Cells found in blood include red cells, various types of leukocytes or white cells, and platelets. Fractionation of cell types typically utilizes centrifugation, but may involve other forms of differential sedimentation through addition of rouleaux enhancing agents such as hydroxyethyl starch, separations based on immunological specificity, etc. Leukocytes may be removed from other cells through the use of leukocyte removing filters.

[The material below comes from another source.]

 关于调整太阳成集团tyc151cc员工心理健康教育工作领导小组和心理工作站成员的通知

Proteins found in human plasma include prealbumin, retinol-binding protein, albumin, alpha-globulins, beta-globulins, gamma-globulins (immune serum globulins), the coagulation proteins (antithrombin III, prothrombin, plasminogen, antihemophilic factor (factor VIII), fibrin-stabilizing factor (factor XIII), fibrinogen), immunoglobulins (immunoglobulins G, A, M, E and D), and the complement components. There are currently more than 100 plasma proteins that have been described. A comprehensive listing can be found in Th e Plasma Proteins, ed. Putnam, F.W., Academic Press, New York (1975).

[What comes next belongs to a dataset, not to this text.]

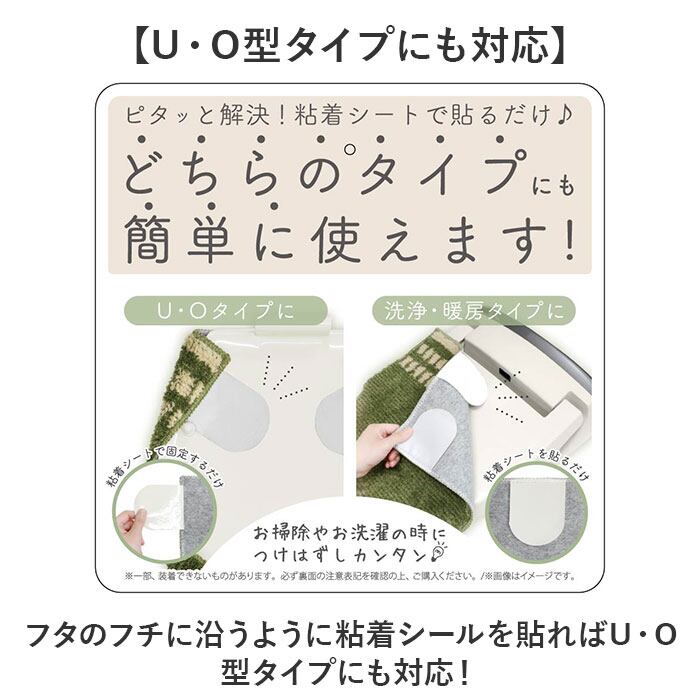 ・フタのフチに沿うように粘着シールを貼ればU・O型タイプにも対応!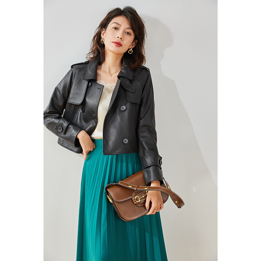 Shenghong 22 mùa xuân mới da nhỏ ngắn áo khoác da cừu mỏng áo khoác da nữ 13068

Proteins found in blood cell fraction include hemoglobin, fibronectin, fibrinogen, enzymes of carbohydrate and protein metabolism, platelet derived growth factor, etc. In addition, the synthesis of other proteins can be induced, such as interferons and growth factors. A comprehensive list of inducible leukocyte proteins can be found in S. Cohen, E. Pick, J.J. Oppenheim, Biology of the Lymphokines, Academic Press, New York (1979).

For a discussion of the fractionation of blood into its various components, see Kirk-Othmer's Encyclopedia of Chemical Technology, Third Edition, Interscience Publishers, Volume 4, pp. 25-62. See also, the discussion in Bonomo, U.S. Patent No. 5,094,960, column 6, lines 24-64.

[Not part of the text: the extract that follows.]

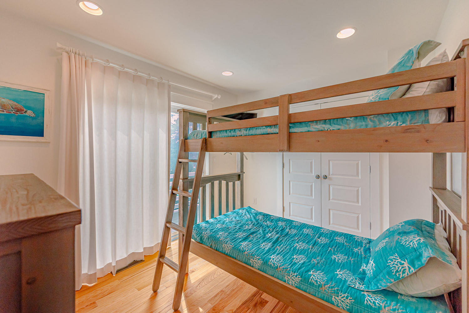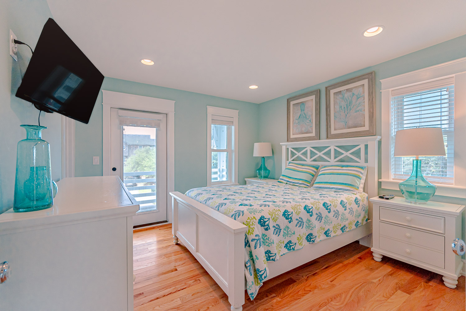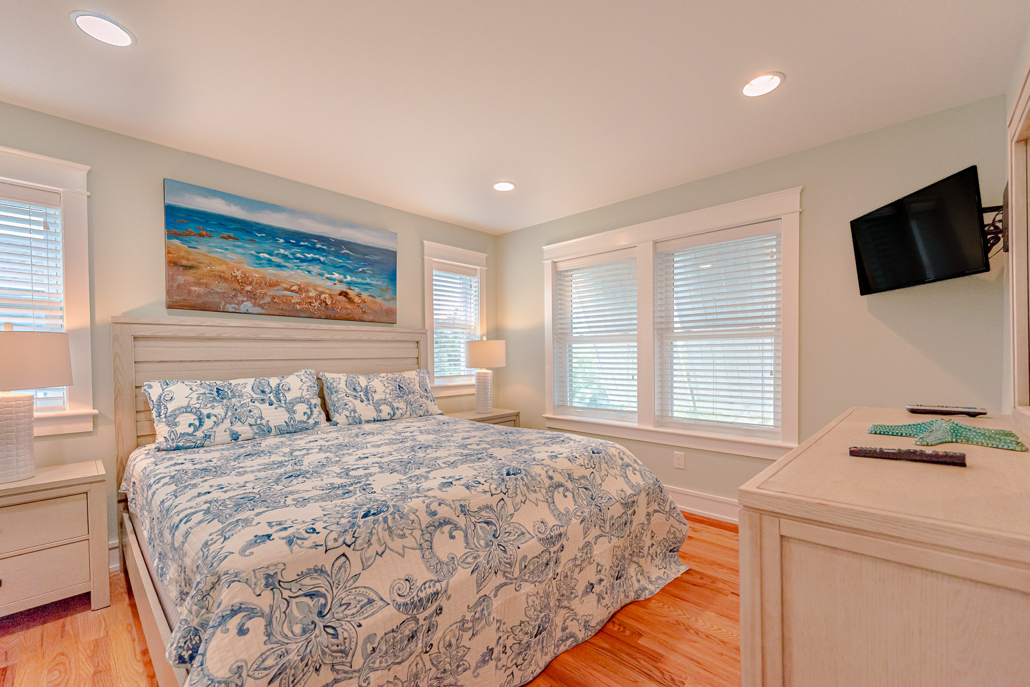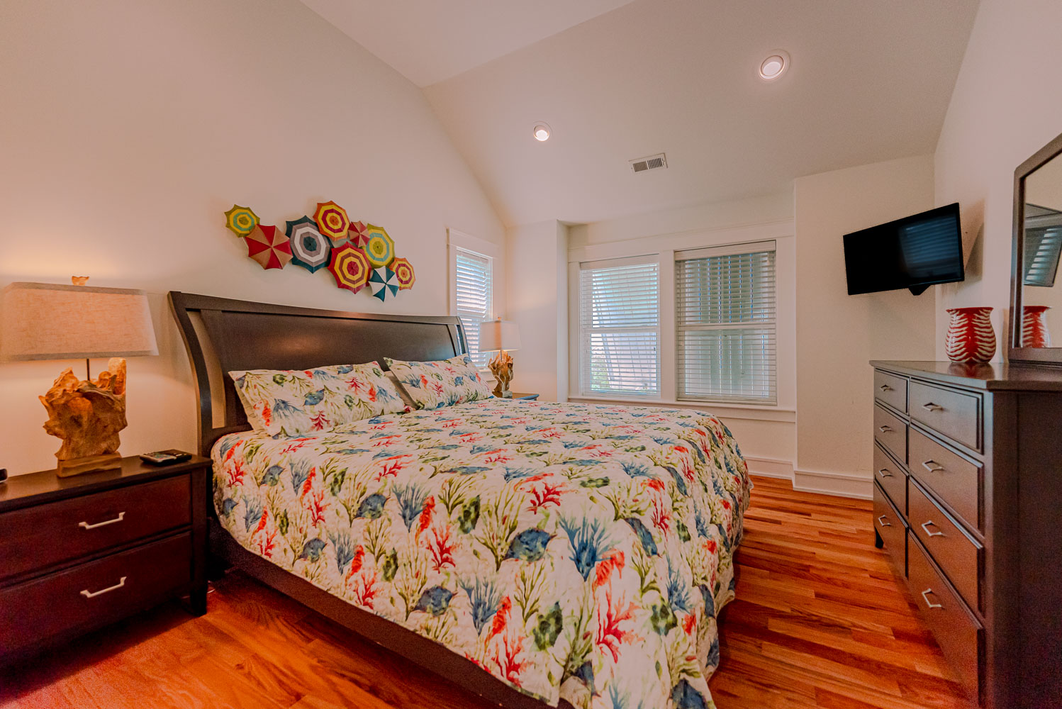 Mid Level: 4 Bedrooms (Private Suite w/King, TV, Full Bath w/Walk-In Shower; Private Suite w/Queen, TV, Full Bath w/Tub, Separate Shower Access to Covered Deck; 1 w/Queen, TV, Access to Covered Deck; 1 w/Bunk Set, TV, Access to Covered Deck); Full Hall Bath w/Walk-In Shower; Laundry Area; and Covered Deck w/Deck Furniture.

The present invention is particularly directed, inter alia, to producing a protein-containing composition such as blood plasma, cryoprecipitates, blood plasma fractions, etc., which is substantially free of infectious virus, yet which retains a substantial amount of enzymatically or biologically active (undenatured) protein and from which process chemicals have been removed so that the resultant composition contains no more than physiologically acceptable levels of such process chemicals.

Non-limiting examples of "blood or blood products" for use according to the present invention include whole blood, blood plasma, blood plasma fractions, precipitates from blood fractionation. Contemplated is the treatment of concentrates of whole blood cells, red cells, white cells (leukocytes), platelets, platelet rich plasma, platelet poor plasma, cryoprecipitate, serum, and concentrates of granulocytes, monocytes, or lymphocytes or other cells capable of producing interferon, tumor necrosis factor (TNF), or other immune modulators or lymphokines, or the media separated from such concentrates or suspensions.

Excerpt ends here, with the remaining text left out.